オリジナルレイアウトのキャラミでは、1988年までいくつものインターナショナルイベントが開催された。F1も1967シーズンから1985シーズンまで計18戦開催され、建造年から1988年までは走行距離1,000km9時間耐久レースも毎年開催されていた。
キャラミを爆走するブラッド・ビンダー

キャラミを爆走するブラッド・ビンダー

© Craig Kolesky/Red Bull Content Pool

1988年以降、キャラミにはいくつかの変更が加えられてきた。そして、F1南アフリカGP1992 シーズン1993シーズンに復帰すると、キャラミにはさらに新しいセクションが追加され、新(現)ピットとメインストレートが用意された。現レイアウトは全長4.529kmで、メインストレートは幅15m、残りのセクションは幅12mに設定されている。
このサーキットはターン1だけでも非常にユニークです。他にはないサーキットですね
ブラッド・ビンダー
キャラミのメインストレートを抜けるビンダー

キャラミのメインストレートを抜けるビンダー

© Craig Kolesky/Red Bull Content Pool

F1以外では、500ccロードレース世界選手権(現MotoGP™)が1992シーズンに改装後のキャラミで開催され、1998シーズンから2002シーズンと2009シーズンから2010シーズンまではスーパーバイク世界選手権(WSBK)も開催された。
記録更新には最新マシンが欠かせない

記録更新には最新マシンが欠かせない

© Tyrone Bradley/Red Bull Content Pool

しかし、ローカルなレースとイベントを除けば、右コーナー6・ 左コーナー10を擁するこのユニークな名称のサーキットではそこまで多くのアクションは見られてこなかった。

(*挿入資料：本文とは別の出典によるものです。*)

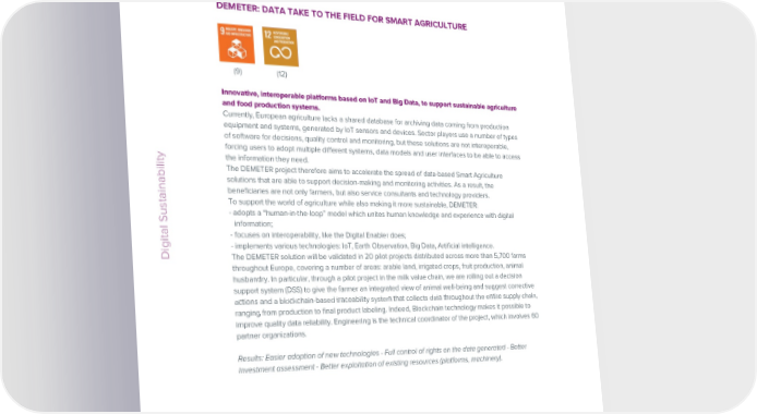 ESG / Sustainability Report / 2022 ESG / Sustainability Report / 2022 DEMETER: DATA TAKE TO THE FIELD FOR SMART AGRICULTURE BEFLEXIBLE: CROSS-SECTOR SERVICES AND INTEROPERABLE PLATFORMS FOR SMART GRIDS (9) (12) (11) (13) (17) Innovative, interoperable platforms based on IoT and Big Data, to support sustainable agriculture and food production systems. We increase the involvement and cooperation of stakeholders in the energy sector to boost their Currently, European agriculture lacks a shared database for archiving data coming from production flexibility. equipment and systems, generated by IoT sensors and devices. Sector players use a number of types The increase in renewable energy sources is profoundly influencing electricity markets and flexibility of software for decisions, quality control and monitoring, but these solutions are not interoperable, demand, as well as the business models of public service and traditional distribution companies. This forcing users to adopt multiple different systems, data models and user interfaces to be able to access requires us to reconsider how energy markets are designed and managed. the information they need. According to recent Clean Energy legislation, Electricity Markets are required to take into account active Digital Sustainability The DEMETER project therefore aims to accelerate the spread of data-based Smart Agriculture citizen participation, as well as the definition and creation of energy communities. BeFlexible boosts solutions that are able to support decision-making and monitoring activities. As a result, the energy flexibility with a view to improving cooperation between distribution system operators (DSOs) beneficiaries are not only farmers, but also service consultants and technology providers. and transmission system operators (TSOs) and facilitating the participation of all sector stakeholders. To support the world of agriculture while also making it more sustainable, DEMETER: BeFlexible defines a new Cross-Sector Data Space concept in which a series of interoperable digital - adopts a “human-in-the-loop” model which unites human knowledge and experience with digital platforms and innovative energy services are implemented and integrated. information; The project calls for the implementation of a Grid Data and Business Network (GDBN) and the definition - focuses on interoperability, like the Digital Enabler does; of system architecture to guarantee full data interoperability and allow for the creation of new business - implements various technologies: IoT, Earth Observation, Big Data, Artificial intelligence. models to provide added value and meet consumer needs in compliance with a stable regulatory Digital SustainabilityThe DEMETER solution will be validated in 20 pilot projects distributed across more than 5,700 farms framework. throughout Europe, covering a number of areas: arable land, irrigated crops, fruit production, animal Engineering is responsible for designing and defining the BeFlexible Common Data Space Architecture husbandry. In particular, through a pilot project in the milk value chain, we are rolling out a decision and supports the Italian demo partners in pilot project implementation and integration in the city of support system (DSS) to give the farmer an integrated view of animal well-being and suggest corrective Rome. actions and a blockchain-based traceability system that collects data throughout the entire supply chain, ranging from production to final product labeling. Indeed, Blockchain technology makes it possible to Results: Facilitating the cooperation and participation of all Energy Stakeholders - Implementing energy improve quality data reliability. Engineering is the technical coordinator of the project, which involves 60 and cross-sector solutions for Energy Stakeholders - Defining a Common Data Space and a Grid Data partner organizations. and Business Network (GDBN). Results: Easier adoption of new technologies - Full control of rights on the data generated - Better investment assessment - Better exploitation of existing resources (platforms, machinery). 86 Engineering © Engineering © 87
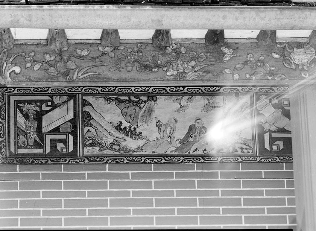 Detail of painted frieze at top of porch south wall - Weaverville Joss House, Oregon Street, Weaverville, Trinity County, CA
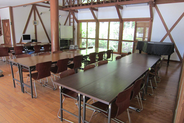 かみすわ山荘は、鮎川の上流に位置し、上諏訪小学校の跡地に『大屋根の大きな木の家(山荘)』をイメージして建設しました。山荘の脇を流れている小川のせせらぎ、鳥の鳴き声、森の香りなどを感じることができ、とても清閑な自然環境にあります。施設は、洋室の宿泊施設のほか、和室、男女別浴室、多目的ホールではピアノの演奏、卓球を楽しむ事もできます。山荘前には広場や野外炊飯施設を備えてあるので、ご家族や友人、サークル仲間とバーベキューを楽しむ事もできます。多くの方にご利用いただける様使用料金はお安くなっています。

しかし、今回の挑戦でその流れが変わった。
最後になるが、挑戦のプロセスを正しく記録するために、撮影クルーはFPVドローンを採用した。近年のスポーツシーンで常識となっているこのテクノロジーは、キャラミを超高速で周回するKTM RC16の視覚体験をさらに強烈なものにしている。
ソファや椅子にしっかりと腰掛けて、ビンダーの強烈な走り、スペシャルゲスト、ユーモアを楽しんでもらいたい。